→ **TASK REQUIREMENTS**:
What is needed is an exact repeat of the lines from the one holding "札幌市営南北線/北12条駅 徒歩2分 札幌市営東豊線/北13条東駅" through the final line of the data, with no pictures.
※ ※ ※
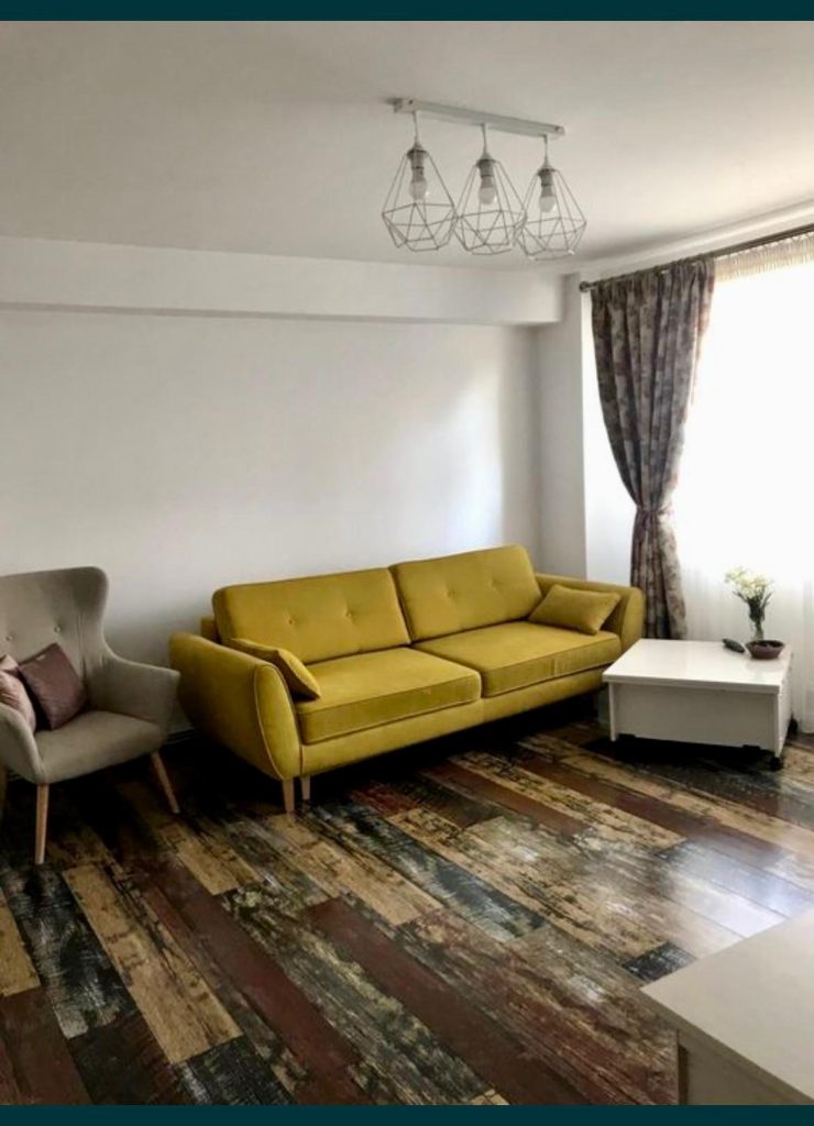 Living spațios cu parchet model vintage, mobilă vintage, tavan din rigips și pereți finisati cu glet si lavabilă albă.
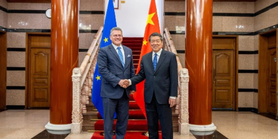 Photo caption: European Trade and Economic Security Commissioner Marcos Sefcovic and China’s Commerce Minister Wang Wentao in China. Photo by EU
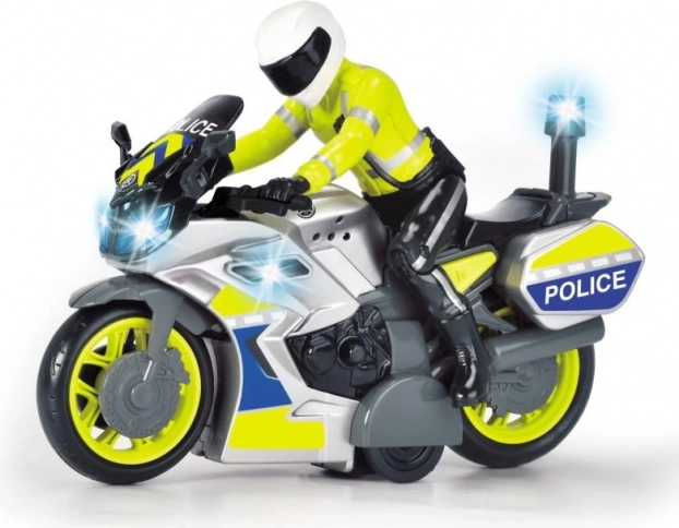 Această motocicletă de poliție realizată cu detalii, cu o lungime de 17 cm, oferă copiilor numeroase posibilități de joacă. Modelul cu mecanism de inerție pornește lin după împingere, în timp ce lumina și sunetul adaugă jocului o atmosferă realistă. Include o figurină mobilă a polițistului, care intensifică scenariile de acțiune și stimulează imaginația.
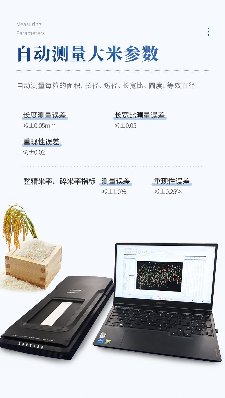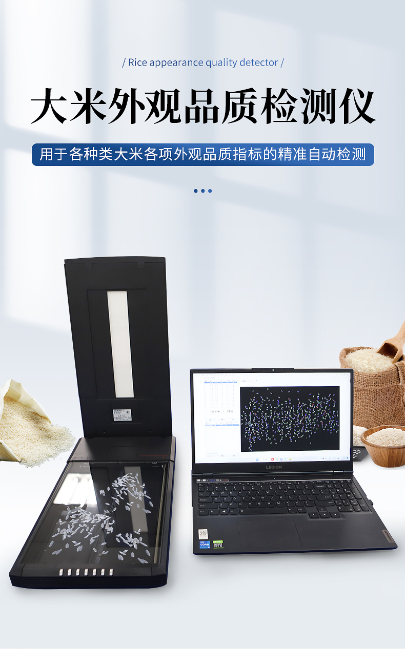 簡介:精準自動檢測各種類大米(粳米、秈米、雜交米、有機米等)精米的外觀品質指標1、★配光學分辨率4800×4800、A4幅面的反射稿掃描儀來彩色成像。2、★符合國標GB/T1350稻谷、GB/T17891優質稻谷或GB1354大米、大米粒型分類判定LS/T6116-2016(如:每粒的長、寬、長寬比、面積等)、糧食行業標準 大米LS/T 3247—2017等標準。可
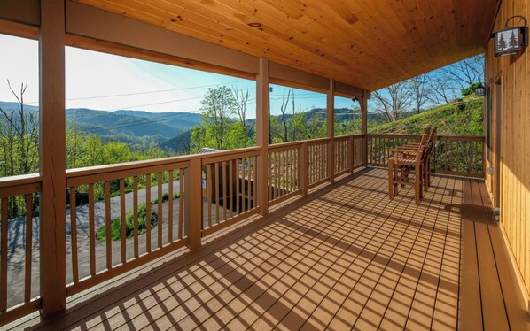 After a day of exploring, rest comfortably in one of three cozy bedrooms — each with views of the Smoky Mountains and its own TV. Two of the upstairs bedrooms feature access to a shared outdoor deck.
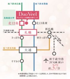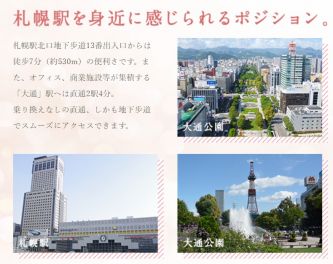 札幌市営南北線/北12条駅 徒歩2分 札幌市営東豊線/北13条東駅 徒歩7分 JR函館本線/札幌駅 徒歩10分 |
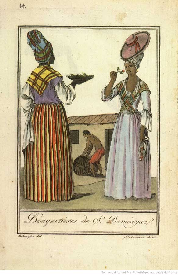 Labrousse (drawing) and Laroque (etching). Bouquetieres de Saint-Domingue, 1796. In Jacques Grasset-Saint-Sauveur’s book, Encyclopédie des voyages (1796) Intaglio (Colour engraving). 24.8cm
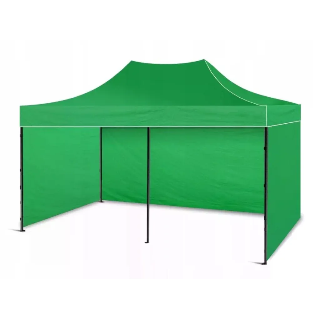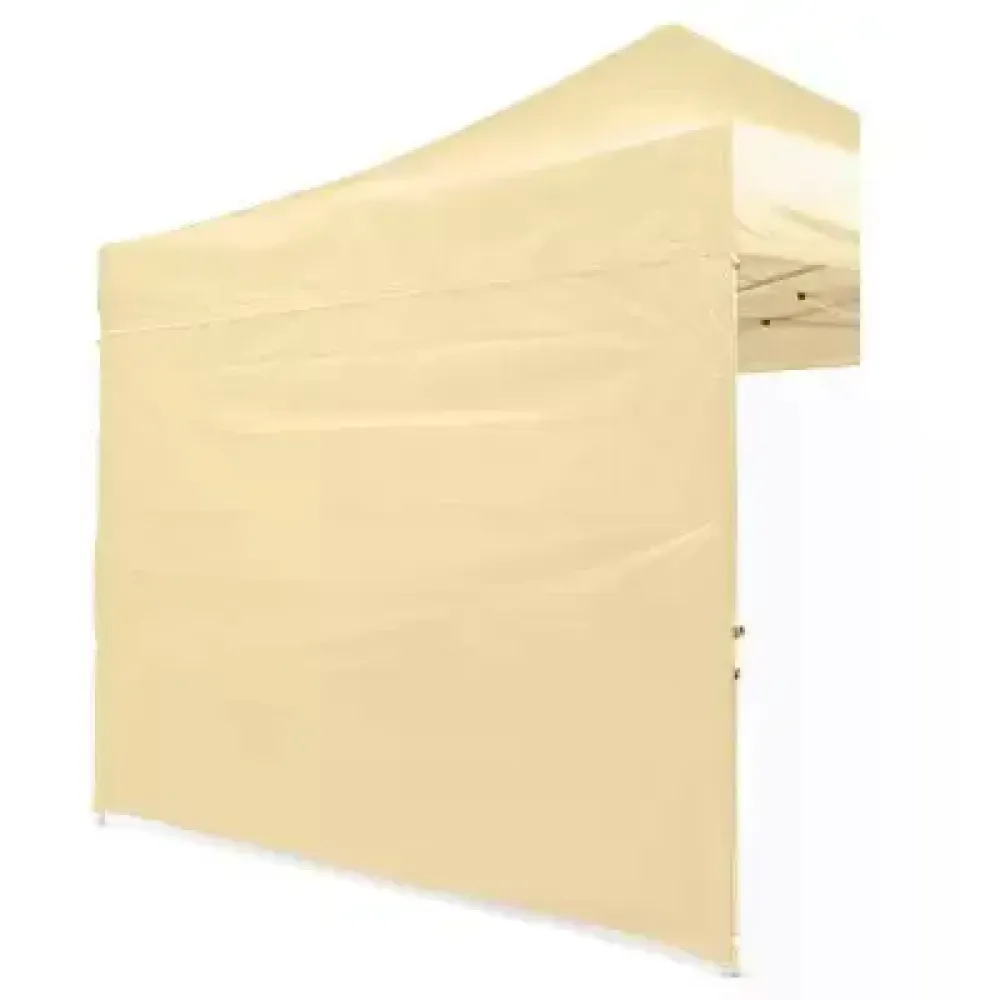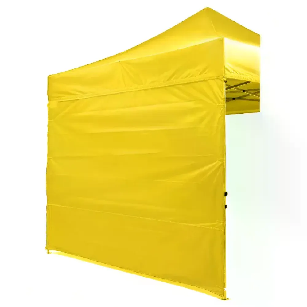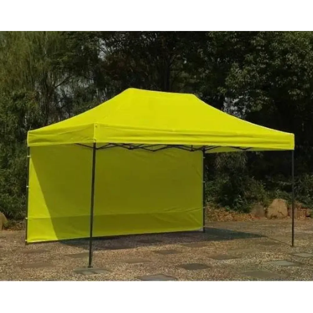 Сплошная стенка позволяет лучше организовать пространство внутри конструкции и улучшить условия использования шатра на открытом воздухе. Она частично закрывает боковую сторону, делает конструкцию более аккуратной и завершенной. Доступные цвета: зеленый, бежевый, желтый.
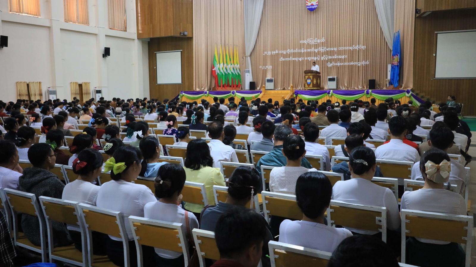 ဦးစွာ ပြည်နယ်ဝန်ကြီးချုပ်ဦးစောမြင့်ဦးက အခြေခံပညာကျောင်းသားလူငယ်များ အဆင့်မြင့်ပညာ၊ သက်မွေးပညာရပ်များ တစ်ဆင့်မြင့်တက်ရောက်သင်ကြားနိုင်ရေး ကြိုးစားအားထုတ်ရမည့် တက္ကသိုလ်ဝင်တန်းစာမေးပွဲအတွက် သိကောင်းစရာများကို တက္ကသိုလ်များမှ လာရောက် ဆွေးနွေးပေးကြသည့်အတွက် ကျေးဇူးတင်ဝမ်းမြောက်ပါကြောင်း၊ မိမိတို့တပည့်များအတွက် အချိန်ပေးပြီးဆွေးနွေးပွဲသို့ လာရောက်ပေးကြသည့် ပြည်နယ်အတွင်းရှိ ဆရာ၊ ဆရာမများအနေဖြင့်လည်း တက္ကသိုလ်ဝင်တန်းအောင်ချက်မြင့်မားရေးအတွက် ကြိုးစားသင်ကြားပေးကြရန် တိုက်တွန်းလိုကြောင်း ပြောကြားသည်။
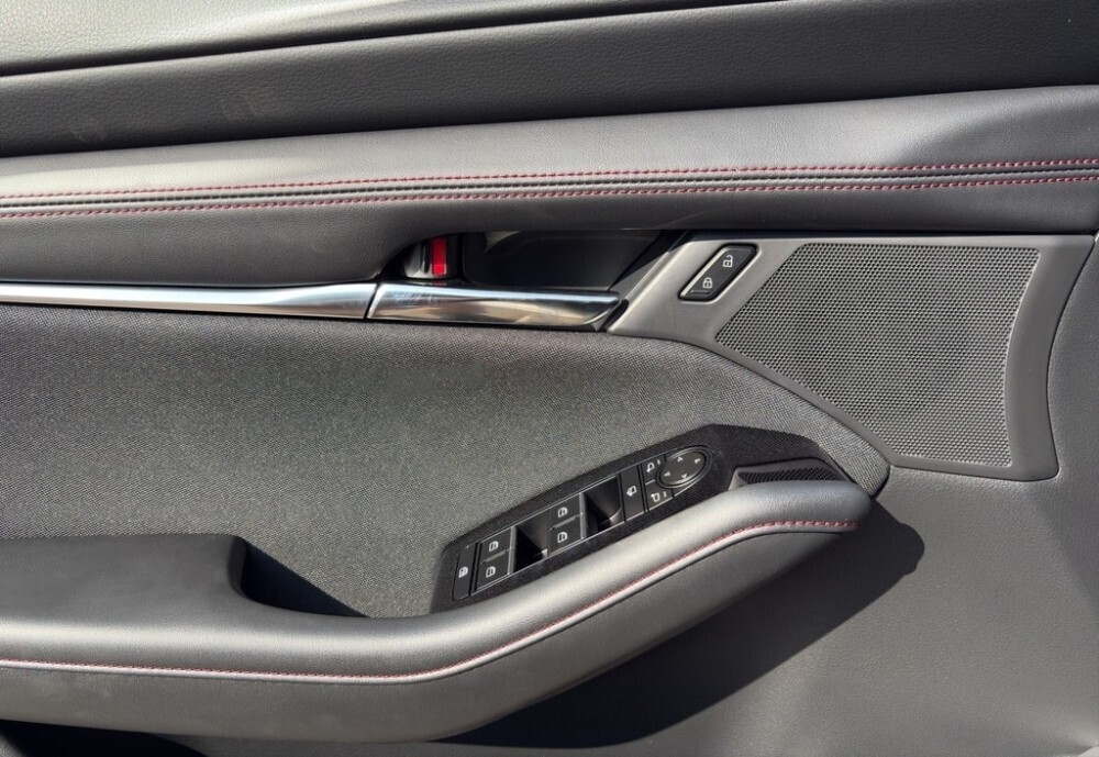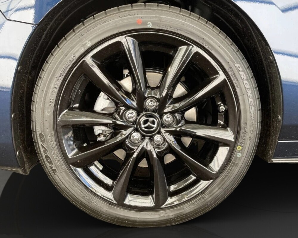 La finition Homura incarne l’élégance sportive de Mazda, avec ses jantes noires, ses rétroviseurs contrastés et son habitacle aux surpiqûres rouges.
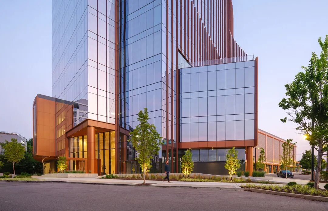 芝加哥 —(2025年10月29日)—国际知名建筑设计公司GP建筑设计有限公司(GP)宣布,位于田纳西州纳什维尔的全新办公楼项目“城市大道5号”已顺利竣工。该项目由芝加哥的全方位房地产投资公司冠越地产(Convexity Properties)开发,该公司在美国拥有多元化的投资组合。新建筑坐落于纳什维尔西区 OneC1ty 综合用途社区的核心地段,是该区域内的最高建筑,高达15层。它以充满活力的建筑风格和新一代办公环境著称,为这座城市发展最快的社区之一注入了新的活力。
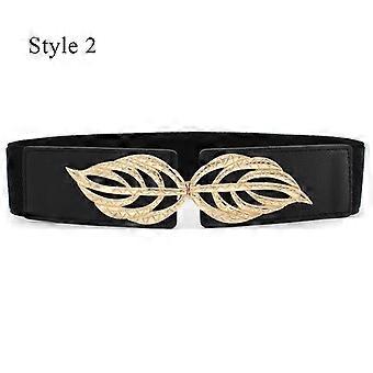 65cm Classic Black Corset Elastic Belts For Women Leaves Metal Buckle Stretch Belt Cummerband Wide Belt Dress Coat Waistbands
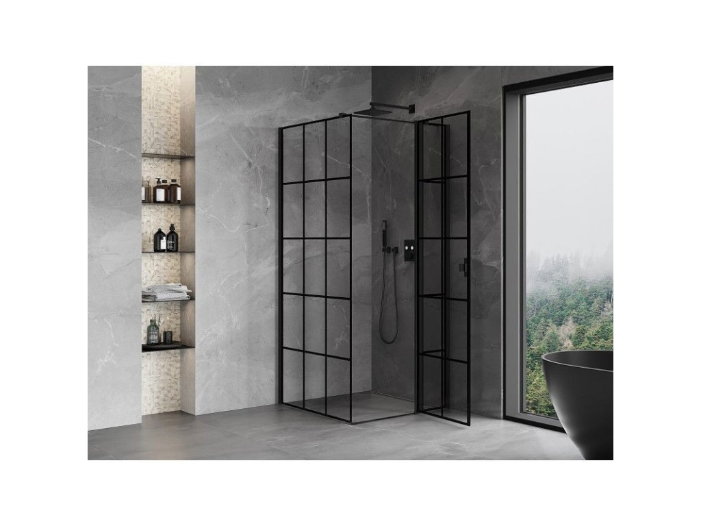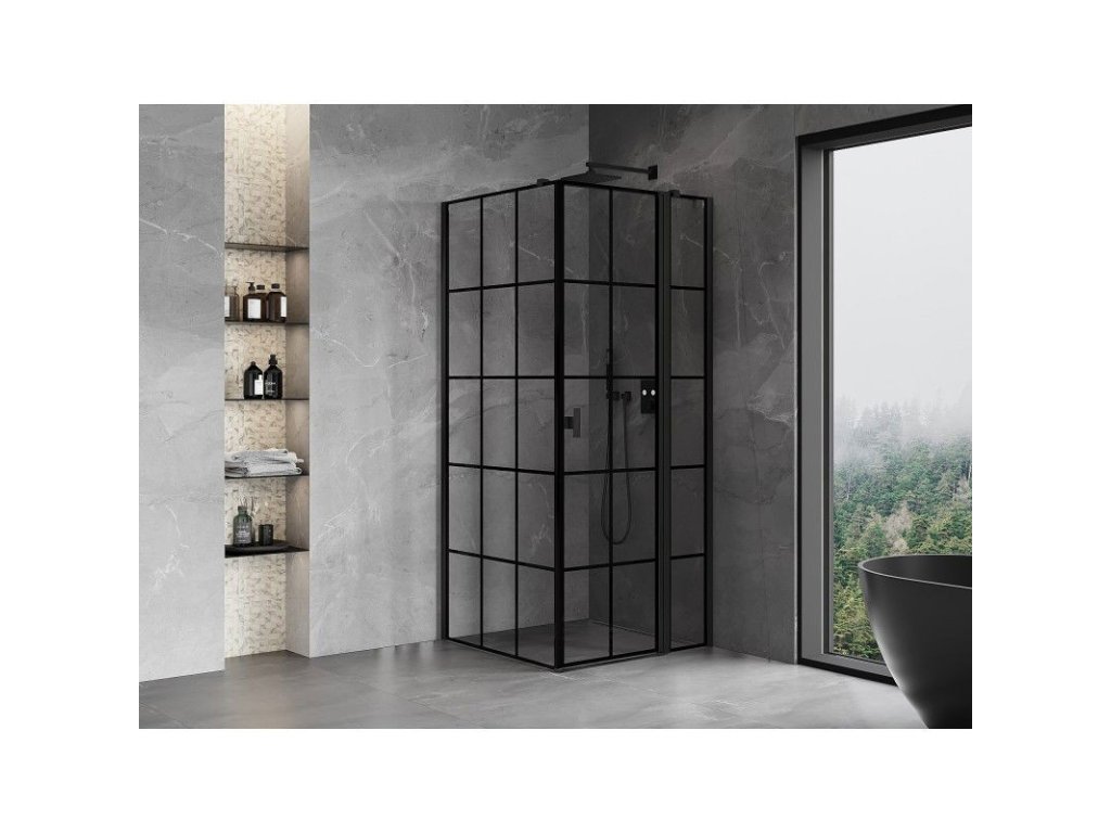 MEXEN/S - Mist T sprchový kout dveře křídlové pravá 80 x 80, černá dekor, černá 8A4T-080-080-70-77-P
※ ※ ※
→ **EXERCISE RESULT**:
 札幌市営南北線/北12条駅 徒歩2分 札幌市営東豊線/北13条東駅 徒歩7分 JR函館本線/札幌駅 徒歩10分 |
 Labrousse (drawing) and Laroque (etching). Bouquetieres de Saint-Domingue, 1796. In Jacques Grasset-Saint-Sauveur’s book, Encyclopédie des voyages (1796) Intaglio (Colour engraving). 24.8cm
 Сплошная стенка позволяет лучше организовать пространство внутри конструкции и улучшить условия использования шатра на открытом воздухе. Она частично закрывает боковую сторону, делает конструкцию более аккуратной и завершенной. Доступные цвета: зеленый, бежевый, желтый.
 ဦးစွာ ပြည်နယ်ဝန်ကြီးချုပ်ဦးစောမြင့်ဦးက အခြေခံပညာကျောင်းသားလူငယ်များ အဆင့်မြင့်ပညာ၊ သက်မွေးပညာရပ်များ တစ်ဆင့်မြင့်တက်ရောက်သင်ကြားနိုင်ရေး ကြိုးစားအားထုတ်ရမည့် တက္ကသိုလ်ဝင်တန်းစာမေးပွဲအတွက် သိကောင်းစရာများကို တက္ကသိုလ်များမှ လာရောက် ဆွေးနွေးပေးကြသည့်အတွက် ကျေးဇူးတင်ဝမ်းမြောက်ပါကြောင်း၊ မိမိတို့တပည့်များအတွက် အချိန်ပေးပြီးဆွေးနွေးပွဲသို့ လာရောက်ပေးကြသည့် ပြည်နယ်အတွင်းရှိ ဆရာ၊ ဆရာမများအနေဖြင့်လည်း တက္ကသိုလ်ဝင်တန်းအောင်ချက်မြင့်မားရေးအတွက် ကြိုးစားသင်ကြားပေးကြရန် တိုက်တွန်းလိုကြောင်း ပြောကြားသည်။
 La finition Homura incarne l’élégance sportive de Mazda, avec ses jantes noires, ses rétroviseurs contrastés et son habitacle aux surpiqûres rouges.
 芝加哥 —(2025年10月29日)—国际知名建筑设计公司GP建筑设计有限公司(GP)宣布,位于田纳西州纳什维尔的全新办公楼项目“城市大道5号”已顺利竣工。该项目由芝加哥的全方位房地产投资公司冠越地产(Convexity Properties)开发,该公司在美国拥有多元化的投资组合。新建筑坐落于纳什维尔西区 OneC1ty 综合用途社区的核心地段,是该区域内的最高建筑,高达15层。它以充满活力的建筑风格和新一代办公环境著称,为这座城市发展最快的社区之一注入了新的活力。
 65cm Classic Black Corset Elastic Belts For Women Leaves Metal Buckle Stretch Belt Cummerband Wide Belt Dress Coat Waistbands
 MEXEN/S - Mist T sprchový kout dveře křídlové pravá 80 x 80, černá dekor, černá 8A4T-080-080-70-77-P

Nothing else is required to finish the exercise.